5. High protein nuts and seeds: I'm a huge fan of chia seeds (full of omega-3s and a source of protein), flax seeds, hemp seeds (great added to smoothies to increase protein levels), and pumpkin seeds (a good source of zinc that can help boost the immune system throughout Winter over). When it comes to nuts, almonds (blanched or whole) and walnuts are always the best for weight loss, although every now and then small amounts of cashews or dry-roasted peanuts are fine.
6.Lower sugar fruits: Opt for the ones that are less likely to convert to sugar, so the berries (strawberries, blueberries, and raspberries) will do the best. Don't be too harsh with the bananas as they have a higher sugar content and only half of a banana is equivalent to a serving of fruit. However, you get a decent serving of strawberries for the same serving.
7.Low-release carbohydrates: Take the less bulky ones and try whole grain breads wherever possible, so things like wraps and whole grain pitta bread are ideal. And always opt for brown rice and whole wheat pasta over the white varieties. Weetabix and porridge are the best breakfasts for kids (low sugar AND slow-release) – try to avoid the other, higher sugar (or just buy it every now and then).
8. Lots of liquids: With all of the plastic debate right now, I'm a bit torn from my addiction to bottled water. Maybe you're trying to buy glass instead? But if the only way to get 2 gallons a day is to buy the carbonated stuff, then splash out. I know a customer who treats herself to 7 bottles of Pellegrino with lemon and mint every week (replacing an age-old habit of drinking 3 glasses of wine a night and she says she doesn't even miss it!). Also, don't forget about herbal teas – a great evening distraction when you're craving something – my favorite is roibos, but others love peppermint, chamomile, or green tea.
9. Protein Supplements: For your in-between meals, look no further than our low-sugar, low-calorie treats, including bars, beverages and soups, which you can buy online (https://shop.motivation.ie/). I would also like to add a few squares of dark chocolate as a reward (ideally over 70 or 80%). And a jar of olives comes in handy when I'm feeling spicy (low in calories and a good source of healthy fats).
Try "Perimeter Shopping".
Perimeter shopping is a great way to highlight fresh food while minimizing exposure to packaged and processed items.

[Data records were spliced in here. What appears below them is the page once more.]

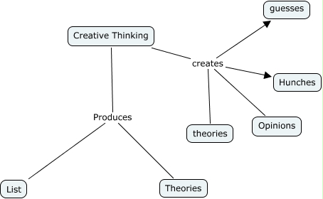 Creative Thinking, Creative Thinking creates Hunches, Creative Thinking Produces Theories, Creative Thinking creates Opinions, Creative Thinking creates guesses, Creative Thinking creates theories, Creative Thinking Produces List
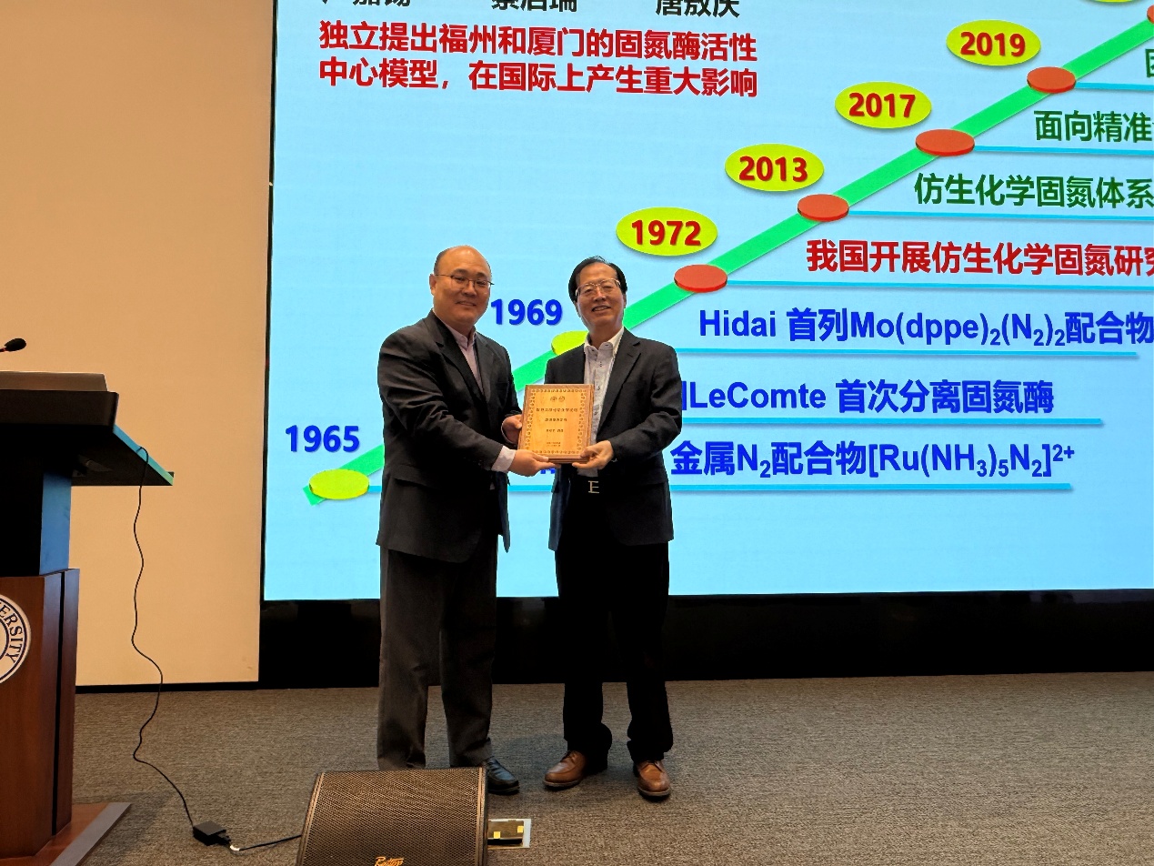 曲景平教授围绕工业合成氨这一重要的化学成就,系统介绍了合成氨工业的发展历程,以及国内外仿生化学与配位化学固氮研究的历史脉络与研究现状。报告以生物固氮酶的功能与结构特征为切入点,针对氮气结合位点与还原路径尚存争议等关键科学问题,提出并重点阐述了双金属中心的研究策略,从探索、提升和深化三个层面全面总结了其团队二十余年来在仿生固氮领域取得的研究进展。从仿生化学视角深入解析固氮酶在温和条件下活化与转化氮气的作用机理,系统介绍了新型硫桥联双核铁配合物固氮酶模拟物的设计、合成及仿生固氮功能实现,为从分子层面理解固氮酶还原机制及发展高效温和条件下的仿生氮还原催化剂提供了新的思路与策略。
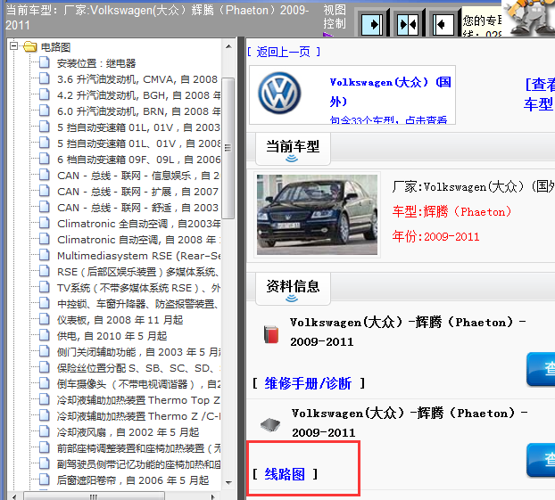 .尊敬的用户,欢迎你使用在线客服,你需要的资料在《畅易汽车维修技术支持平台》是有的,请直接登陆查询!查询方法:国内厂家 ->Volkswagen(大众)-辉腾(Phaeton)-2009-2011 ->[ 线路图 ] .
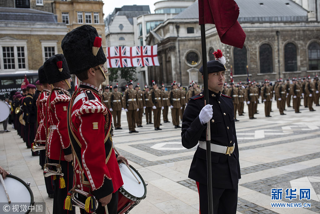 当地时间2018年9月5日,英国伦敦,皇家燧发枪兵团游行庆祝兵团50周年。 (图片来源:视觉中国)

Most supermarkets usually cover fruits, vegetables, healthy proteins, and dairy products in scope.
Although grocery store aisles have many healthy options like canned and dried beans, cereals, condiments, and olive oil, most supermarkets also offer highly processed foods like candy and carbonated drinks – so be careful!
Research has shown that minimizing your time inside the grocery store can decrease exposure to these unhealthy foods and reduce the chances of you being tempted to buy them.
At least try this for a while and measure the results – take pen and paper and prepare your weekly grocery list. I bet you will be pleasantly surprised.